Columnist Jesse Jackson
Washington is built on top of swamps, and its politics are often simply an accurate reflection of its environment.
On the stimulus package, the so called “moderates” proved once more that in Washington, moderation is not synonymous with common sense. Led by Democratic Sen. Ben Nelson and Republican Sen. Susan Collins, they proclaimed that they would cut the pork out of the bill, leaving only the stuff that worked to create or sustain jobs.
So what did they cut? The biggest cuts came from money for education (to retain teachers and keep schools running) and for construction of schools.
Hello? School construction would hire the very workers that are out of work to do work we desperately need on projects that are ready to go.
The revised banking bailout will once more feature spending hundreds of billions trying to save the big banks and get them lending again. Already they’ve received literally trillions in direct cash infusion and in guarantees. Furthermore, banks are paying essentially zero percent interest rates on money they borrow from the Federal Reserve.
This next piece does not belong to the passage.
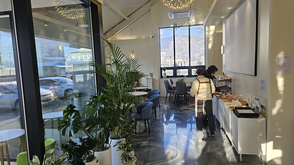 다소 하드한 느낌의 빵들을 먹고 있노라면 그렇게나 좋아하는 치아바타 생각이 난다. 여기 치아바타는 없었지만 그렇게 담백하고, 수수한 빵은 좋아하는 편이다. 만일 아메리카노 커피가 아니라 달달한 믹스 커피였다면 커피에 빵을 푹 찍어서 먹었을 것이다. 뭐 대단한 일을 한 것도 아니지만, 이렇게 여유있는 아침상을 받으니 뭐라도 한 것 같은 기분이었다. 의외로 그냥 커피를 사가는 손님들도 많았는데 역시 요즘 대세가 이런 카페와 빵이 아닌가 한다. 이상할 정도로 사람들이 자꾸 들어왔다. 근처에 직장이 있나? 하는 생각도 들었다. 아무튼 이렇게 차도 많고, 사람도 많은 것은 지역경제에 좋은 일이 아닐까 싶다.
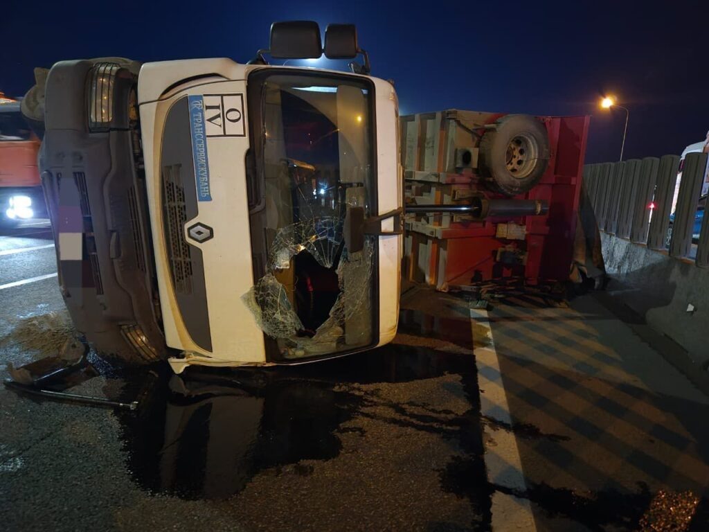 На трассе «Краснодар – Кропоткин» недалеко от хутора Ленина произошло крупное ДТП с участием четырех автомобилей. Как сообщили в ГУ МВД России по Краснодарскому краю, виновником аварии стал водитель грузовика, перевозившего песок. По предварительным данным, у большегруза во время движения лопнуло колесо. Водитель не справился с управлением, фура перевернулась и задела бетонные ограждения. После этого ее отбросило на встречную полосу. Там грузовик столкнулся с минивэном Kia, автомобилем Mercedes и еще одним грузовым транспортом. В результате ДТП пострадала пассажирка корейской машины. Женщину доставили в больницу.

Yet they still aren’t loaning much out.
Why, if banks can get money at zero percent interest rates, can’t students burdened with student loans get the same deal? The long-term success of our economy and our democracy depends on the young getting better and better education.
Yet college is being priced out of the reach of more and more students. Tuitions are up – 40 percent over the course of the Bush years. Grants are down. In 1975, the government Pell grant paid 84 percent of the costs; now it covers only one-third.
An estimated 400,000 kids a year are priced out of college. And students who stay in go deeper and deeper into debt. Students now graduate from college with an average debt of around $20,000, more than double what it was a decade ago.
They have to start paying off that loan upon graduation. But what if they can’t get a job in this economy? If they default, it not only destroys their credit rating, it hurts the university. Schools can get cut off if the default rate grows too high.
We can get a car with no financing costs for the first year, since the banks can lend money so cheaply. So why not a student loan with zero percent interest, or at least no interest costs for the first five years, like an auto loan?
Apply this retroactively to those that have graduated, and it would have a clear stimulus effect. They’d spend virtually every dollar of the interest saved. And more students would stay in college – which would be good for them, and good for the economy.